Goal of the exercise ->
In the copy, keep the lines from the first line of the material below through the line containing "Bit.ai is an" exactly as they are, and include no pictures.

....

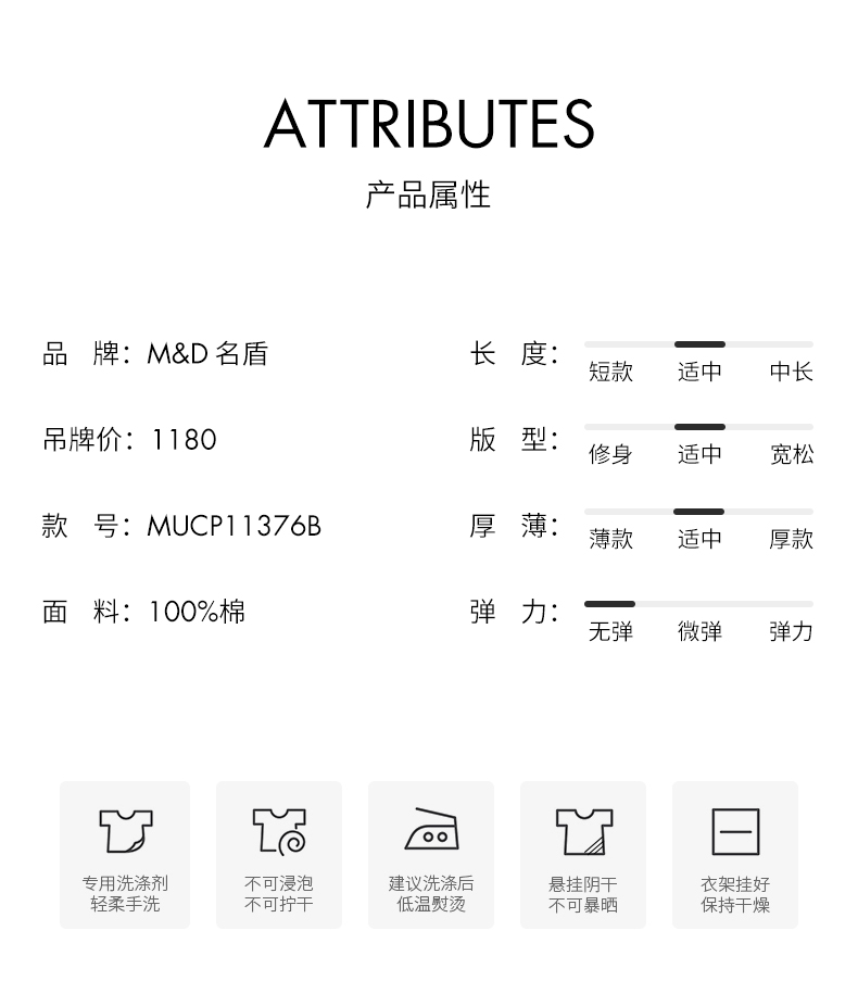 | 男装品牌: M&D/名盾 | 面料: 长绒棉 |
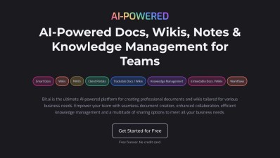 Bit.ai is an all-encompassing platform for document and wiki collaboration, aimed at improving how teams and individuals generate, disseminate, and handle knowledge. It provides a variety of features, including an AI writing assistant, robust wikis, real-time collaboration, document tracking, client portals, and seamless integrations with more than 100 apps. Users can build dynamic, interactive documents and knowledge bases supporting multiple media formats, promoting more efficient and transparent communication. Bit.ai is suited for diverse applications such as project management, content creation, technical documentation, training guides, and client deliverables. Individuals may choose Bit.ai for its capability to simplify collaboration among remote teams, efficiently organize knowledge, and produce engaging, intelligent documents that are easily shareable and trackable.
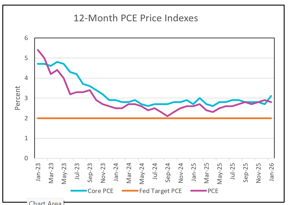 Inflation dynamics remain a central concern for policymakers. The core PCE price index rose 3.1% over the past year, remaining well above the Federal Reserve’s 2% target and continuing an upward trend since mid-2025. Notably, the PCE measure has recently outpaced the more widely followed CPI, partly because slowing rent increases have a smaller impact on PCE. Additionally, rising goods prices since November suggest that tariffs may be contributing to upward price pressures.
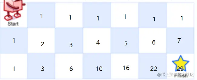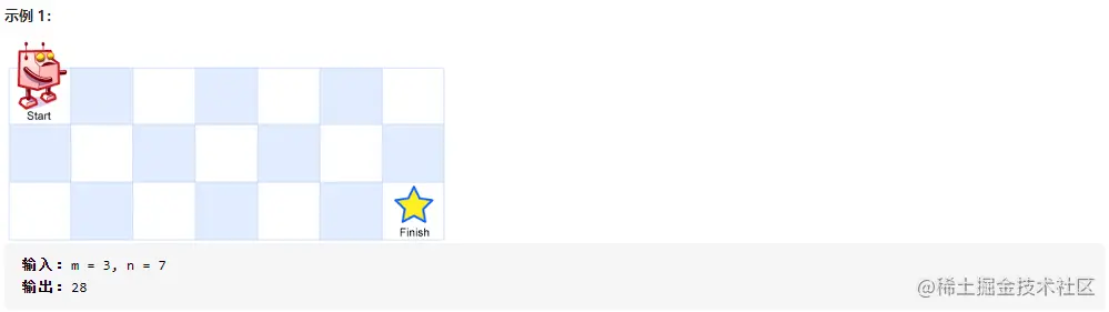 一个机器人位于一个 m x n 网格的左上角 (起始点在下图中标记为 “Start” )。
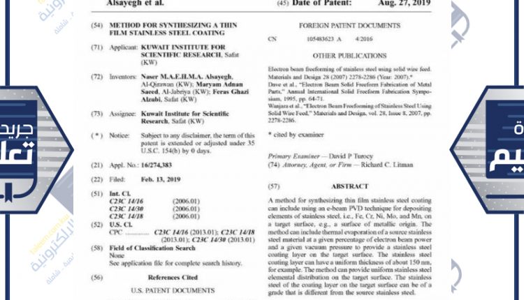 معهد الكويت للأبحاث حصل على براءة إختراع
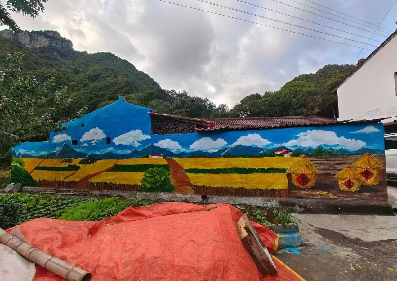 近日,荣耀(中国)派驻留坝县江口镇锅厂村第一书记何元衡,组织在留坝县各中小学幼儿园实习的学生,于锅厂村244国道沿线的墙面上绘制了一幅振奋人心的田园丰收图景。
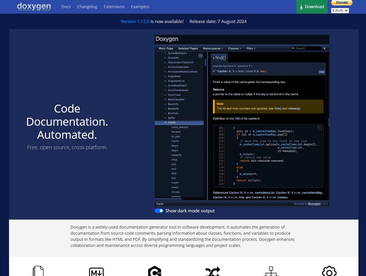 Doxygen 是一款免费开源的自动化技术文档生成工具。该软件通过扫描源代码中的函数、类和变量注释,自动生成详细的技术指南,并在需要处插入代码示例和描述。这意味着开发者需要在编写代码时添加规范的注释,但一旦熟悉后,Doxygen 能帮助快速创建 API 文档。
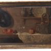 Stillleben Um 1900. Schauseitig Stillleben mit Äpfeln, verso eine wohl unvollendete Landschaft. Öl auf Platte. Größe ca. 40 x 73 cm. Rahmen ca. 53 x 83 cm.
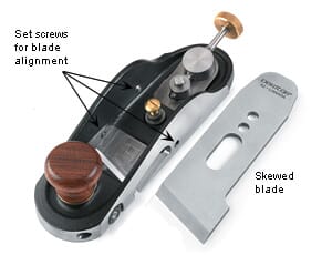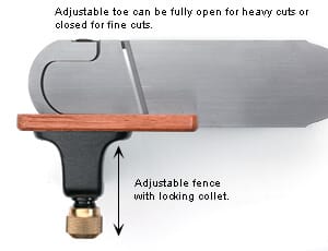 Høvelbladets justering er av typen Norris, hvor både mating (justering av bladet frem/tilbake) og sideforskyvning skjer med en hendel, og dette gjør innstillingen mye lettere og mer presis. Sideveis justering og sikring av posisjon, gjøres ved hjelp at to justeringsskruer i siden av høvelen. Innfelt i siden er det et skjærehjul som kan stilles inn for kutting av fibrene før høvelbladet kommer. Gjør en veldig god jobb på tverr ved, og forhindrer flising. Kan justeres i dybden og hvor mye den skal stikke ut. Unikt!
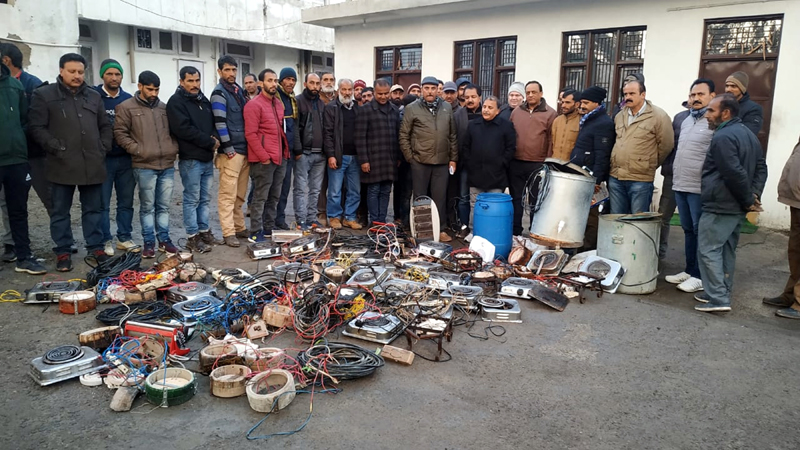 RAJOURI, Jan 10: In a special drive launched by the PDD in Rajouri town, the staff seized at least 160 heaters and other electronic gadgets and imposed a fine of rupees one lakh on the consumers.
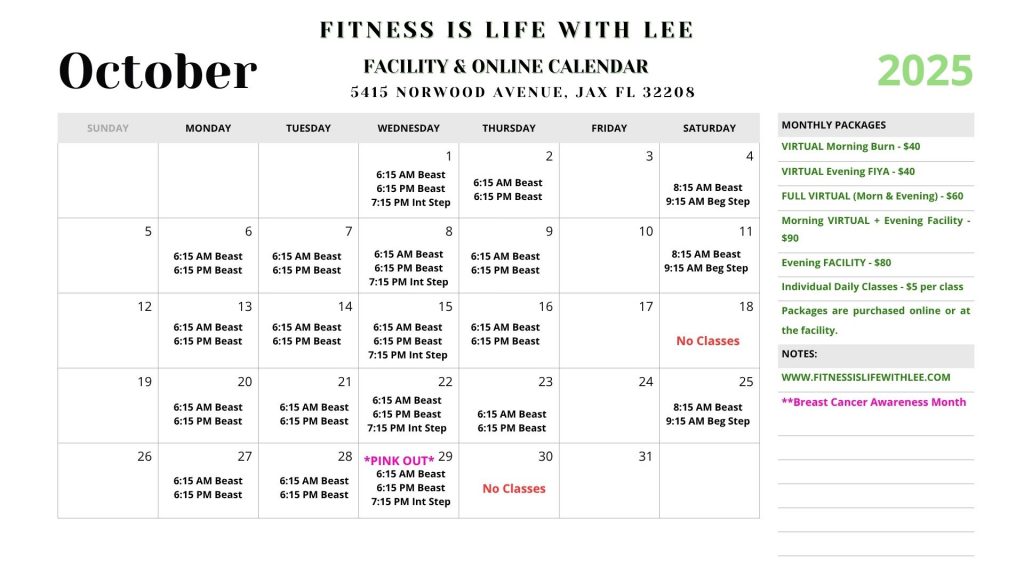 * PLEASE NOTE – Purchases are made either by Full Month Package found in Fitness Products or individually by class in the LIVE Workouts drop down menus. REMINDER, individual session purchases are not allowed once the session has begun.
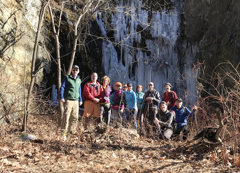 An adventurous crew of ten hikers joined hike leader Jeff Monroe on a beautiful January Saturday to journey to an old copper mine in the National Park. Included in the group were PATC veterans Marian Styles, Marie Moss, Pete and Bev Fink, Dave Borszich, John Brandt, and Michael Seth. Also joining us for their second PATC hike were Gaby Novoa and Johanna Song, along with newcomer Jocelyn Prostko.
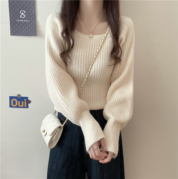 니트 베이스 셔츠 여성용 가을 겨울 2025년 신상품 스타일리시한 로우넥 긴팔 탑 슬림핏 풀오버 스웨터 겨울용스토어 가기
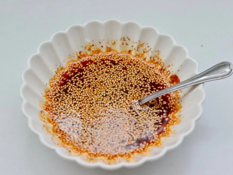 Làm nước sốt chua cay: Cho bột ớt, đường, lượng muối thích hợp và hạt vừng vào tô. Sau đó, đun nóng một muỗng canh dầu ăn rồi đổ vào bát sốt. Thêm giấm, thêm nước tương vào. Khuấy đều.

....

Expected output ->
 | 男装品牌: M&D/名盾 | 面料: 长绒棉 |
 Bit.ai is an all-encompassing platform for document and wiki collaboration, aimed at improving how teams and individuals generate, disseminate, and handle knowledge. It provides a variety of features, including an AI writing assistant, robust wikis, real-time collaboration, document tracking, client portals, and seamless integrations with more than 100 apps. Users can build dynamic, interactive documents and knowledge bases supporting multiple media formats, promoting more efficient and transparent communication. Bit.ai is suited for diverse applications such as project management, content creation, technical documentation, training guides, and client deliverables. Individuals may choose Bit.ai for its capability to simplify collaboration among remote teams, efficiently organize knowledge, and produce engaging, intelligent documents that are easily shareable and trackable.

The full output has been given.